=== Your objective ===
Output the entries that follow character for character. Leave every image out.

=== Exercise materials ===
※

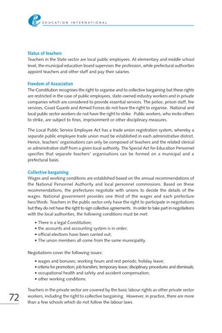 Status of teachers Teachers in the State sector are local public employees. At elementary and middle school level, the municipal education board supervises the profession, while prefectural authorities appoint teachers and other staff and pay their salaries. Freedom of Association The Constitution recognises the right to organise and to collective bargaining but these rights are restricted in the case of public employees, state-owned industry workers and in private companies which are considered to provide essential services. The police, prison staff, fire services, Coast Guards and Armed Forces do not have the right to organise. National and local public sector workers do not have the right to strike. Public workers, who incite others to strike, are subject to fines, imprisonment or other disciplinary measures. The Local Public Service Employee Act has a trade union registration system, whereby a separate public employee trade union must be established in each administrative district. Hence, teachers’ organisations can only be composed of teachers and the related clerical or administrative staff from a given local authority. The Special Act for Education Personnel specifies that separate teachers’ organisations can be formed on a municipal and a prefectural basis. Collective bargaining Wages and working conditions are established based on the annual recommendations of the National Personnel Authority and local personnel commissions. Based on these recommendations, the prefectures negotiate with unions to decide the details of the wages. National government provides one third of the wages and each prefecture two/thirds. Teachers in the public sector only have the right to participate in negotiations but they do not have the right to sign collective agreements. In order to take part in negotiations with the local authorities, the following conditions must be met: • There is a legal Constitution; • the accounts and accounting system is in order; • official elections have been carried out; • The union members all come from the same municipality. Negotiations cover the following issues: • wages and bonuses; working hours and rest periods; holiday leave; • criteria for promotion; job transfers; temporary leave; disciplinary procedures and dismissals; • occupational health and safety and accident compensation; • other working conditions.
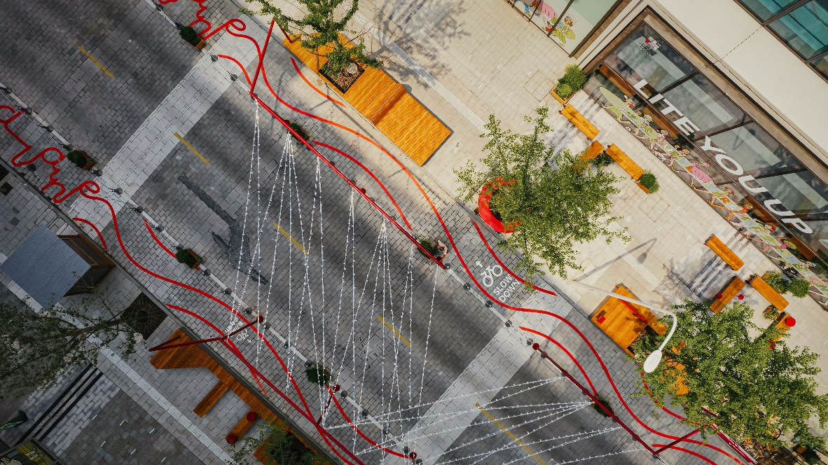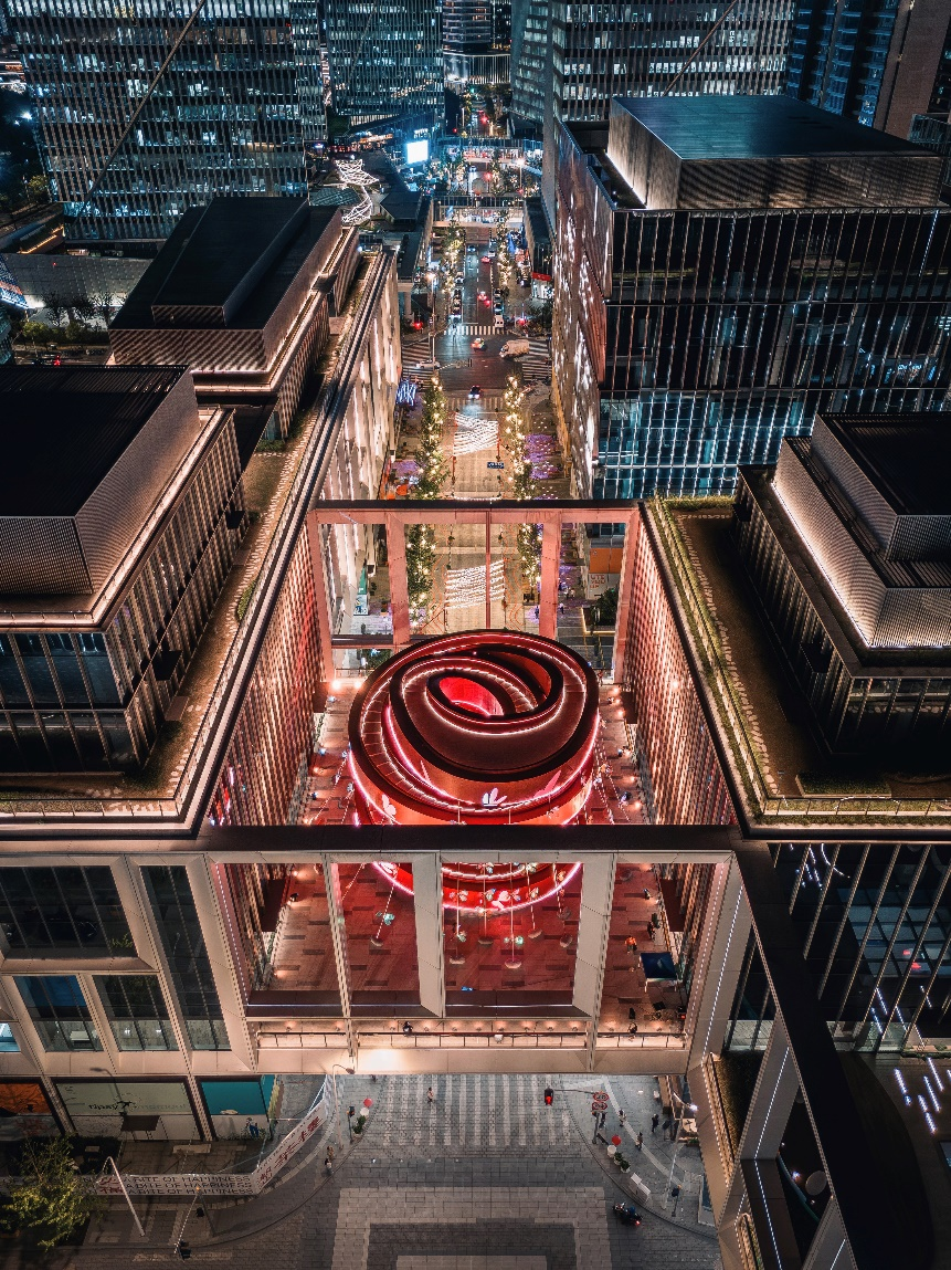 而当人们的视线焦点移至街道上方的连廊空间时,又会被项目内的地标性公共艺术装置“无尽之旋”牢牢吸引。它的灵感来自于纽带和莫比乌斯环,大气灵动的红色线条向外延伸,延伸到路面和街道,甚至是小小的宠物友好标志,赋予街道温暖与活力的同时,似乎城市街巷与商业空间的无限可能也正随着这抹红色徐徐展开。
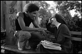 New York. André KERTESZ showing lens to Nicolas Ducrot. 1977
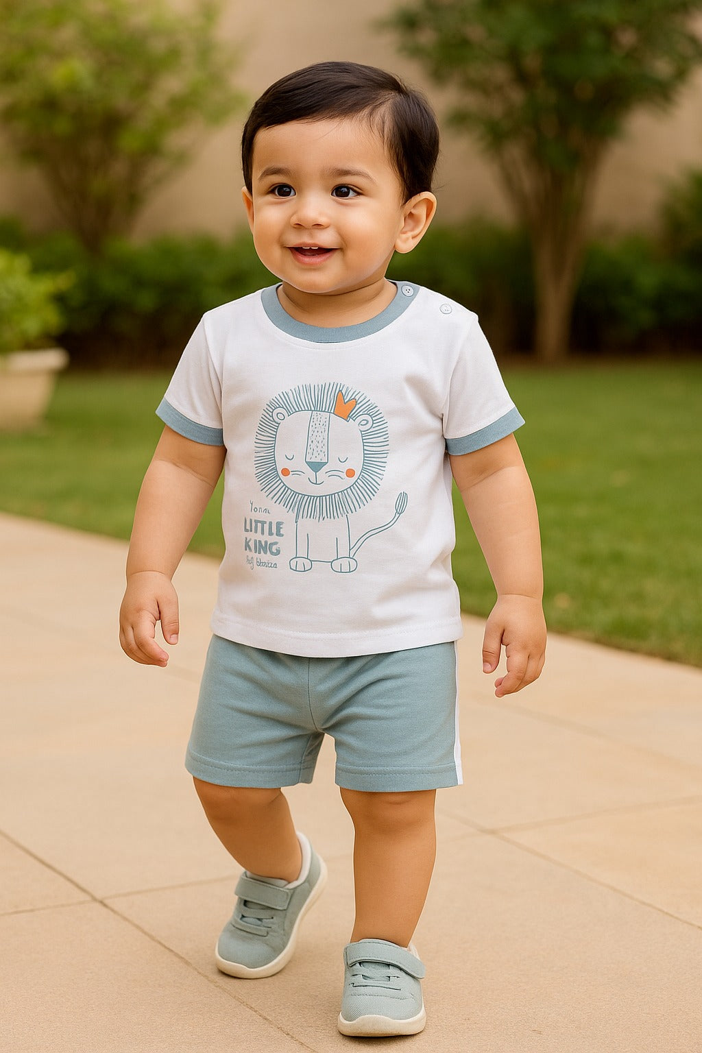 Dress your little boy for cool comfort and bright style with this boys’ printed cotton tank and shorts set. Crafted from 100% breathable cotton, the tshirt boasts lively prints that bring a cheerful summer vibe. The elasticated shorts offer a comfy fit and freedom of movement—whether he’s running at the park, playing at the beach, or relaxing at home. Style this set with sneakers or sandals for a complete warm-weather look.
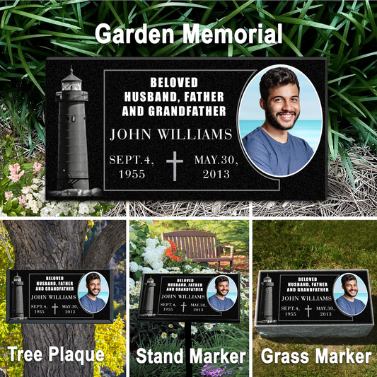 ADFSTONE Memorial Plaque & Granite Marker Personalized | Theme: Lighthouse (Single) | Ratio: 1v2 Rectangle
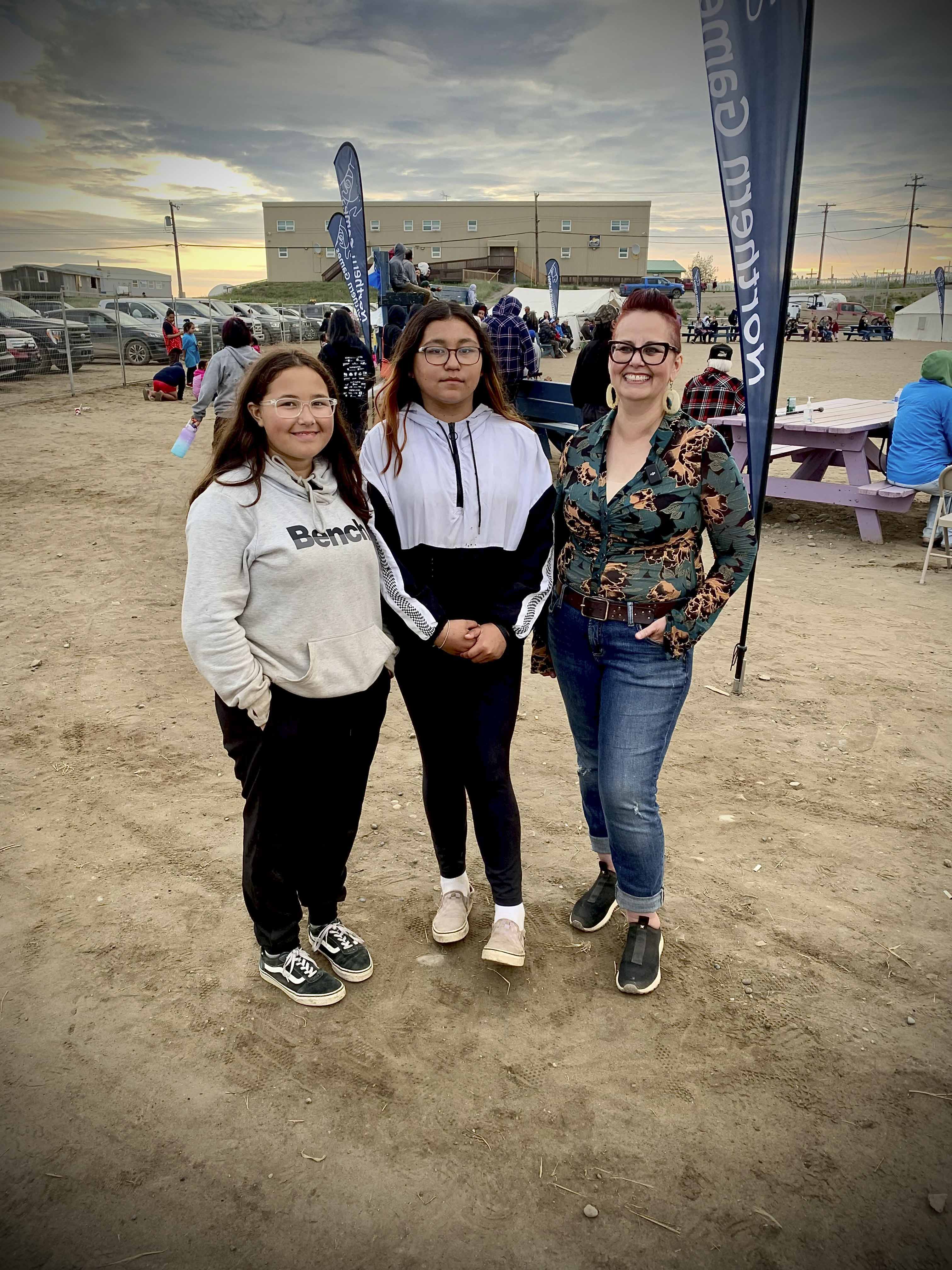 Saturday, July 22, 2023 – Senator Margaret Dawn Anderson, right, with Ava Cardinal and Calle Gruben from the Inuvialuit Communications Society; Inuvialuit Piuyausiat youth games; Tuktuuyaqtuuq, Northwest Territories.

※

=== Answer section ===
 Status of teachers Teachers in the State sector are local public employees. At elementary and middle school level, the municipal education board supervises the profession, while prefectural authorities appoint teachers and other staff and pay their salaries. Freedom of Association The Constitution recognises the right to organise and to collective bargaining but these rights are restricted in the case of public employees, state-owned industry workers and in private companies which are considered to provide essential services. The police, prison staff, fire services, Coast Guards and Armed Forces do not have the right to organise. National and local public sector workers do not have the right to strike. Public workers, who incite others to strike, are subject to fines, imprisonment or other disciplinary measures. The Local Public Service Employee Act has a trade union registration system, whereby a separate public employee trade union must be established in each administrative district. Hence, teachers’ organisations can only be composed of teachers and the related clerical or administrative staff from a given local authority. The Special Act for Education Personnel specifies that separate teachers’ organisations can be formed on a municipal and a prefectural basis. Collective bargaining Wages and working conditions are established based on the annual recommendations of the National Personnel Authority and local personnel commissions. Based on these recommendations, the prefectures negotiate with unions to decide the details of the wages. National government provides one third of the wages and each prefecture two/thirds. Teachers in the public sector only have the right to participate in negotiations but they do not have the right to sign collective agreements. In order to take part in negotiations with the local authorities, the following conditions must be met: • There is a legal Constitution; • the accounts and accounting system is in order; • official elections have been carried out; • The union members all come from the same municipality. Negotiations cover the following issues: • wages and bonuses; working hours and rest periods; holiday leave; • criteria for promotion; job transfers; temporary leave; disciplinary procedures and dismissals; • occupational health and safety and accident compensation; • other working conditions.
 而当人们的视线焦点移至街道上方的连廊空间时,又会被项目内的地标性公共艺术装置“无尽之旋”牢牢吸引。它的灵感来自于纽带和莫比乌斯环,大气灵动的红色线条向外延伸,延伸到路面和街道,甚至是小小的宠物友好标志,赋予街道温暖与活力的同时,似乎城市街巷与商业空间的无限可能也正随着这抹红色徐徐展开。
 New York. André KERTESZ showing lens to Nicolas Ducrot. 1977
 Dress your little boy for cool comfort and bright style with this boys’ printed cotton tank and shorts set. Crafted from 100% breathable cotton, the tshirt boasts lively prints that bring a cheerful summer vibe. The elasticated shorts offer a comfy fit and freedom of movement—whether he’s running at the park, playing at the beach, or relaxing at home. Style this set with sneakers or sandals for a complete warm-weather look.
 ADFSTONE Memorial Plaque & Granite Marker Personalized | Theme: Lighthouse (Single) | Ratio: 1v2 Rectangle
 Saturday, July 22, 2023 – Senator Margaret Dawn Anderson, right, with Ava Cardinal and Calle Gruben from the Inuvialuit Communications Society; Inuvialuit Piuyausiat youth games; Tuktuuyaqtuuq, Northwest Territories.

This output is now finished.